Selain pendidikan, Rasuna Said juga tertarik dengan politik. Dia menginginkan agar wanita saat itu juga melek politik.
Dalam pandangan agama, bangsa, dan politik, Rasuna banyak dipengaruhi gurunya H Abdul Karim Amrullah, ayahanda HAMKA. Hingga akhir perjuangannya landasan berpikirnya selalu menggunakan pemikiran dari Abdul Karim.

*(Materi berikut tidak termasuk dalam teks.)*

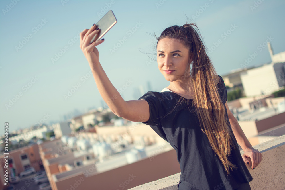 Portrait of beautiful long haired girl taking a selfie outdoors.
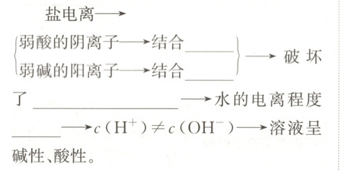 盐的离子 + 水⇌酸(或碱)+$OH^-$(或 $H^+$)。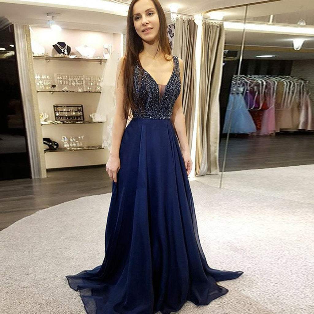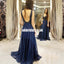 Online Charming Beaded A-Line Sleeveless Chiffon Long Navy Backless Prom Dresses, KX1258 Online Charming Beaded A-Line Sleeveless Chiffon Long Navy Backless Prom Dresses, KX1258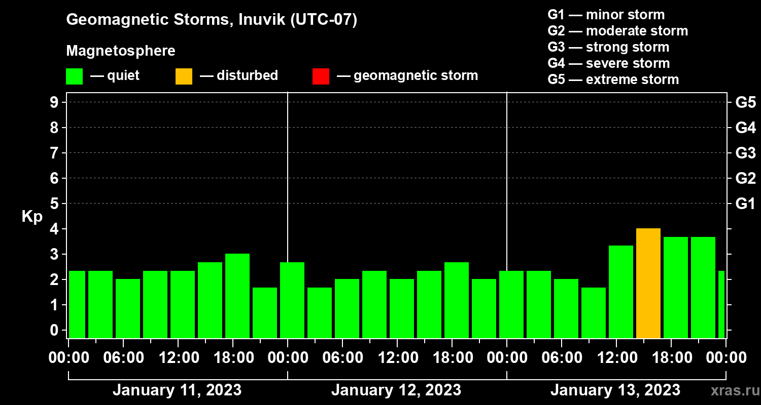 Geomagnetic storms in Inuvik on Jan 13, 2023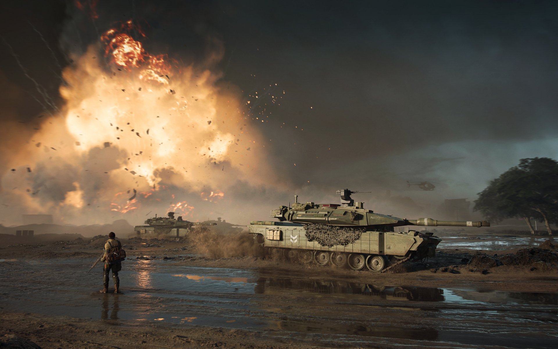 Обои: Battlefield 2042, танк, взрыв - 1920x1200

Perjuangan politik dimulai Rasuna saat beraktivitas di Sarekat Rakyat sebagai sekretaris. Kemudian, dia bergabung sebagai anggota di Persatuan Muslim Indonesia.
Rasuna Said juga ikut mengajar di sekolah-sekolah yang didirikan Persatuan Muslimin Indonesia (PERMI). Kemudian, dia mendirikan Sekolah Thawalib di Padang, dan memimpin Kursus Putri dan Normal Kursus di Bukit Tinggi Saat terjun dalam dunia politik, Rasuna dikenal dengan kemahirannya berpidato.
Isi pidato yang disampaikannya selalu tajam menyangkut penindasan pemerintah Belanda ketika tahun 1930. Akibat pidato yang menyinggung Belanda, Rasuna akhirnya ditangkap dan dipenjara tahun 1932 di Semarang.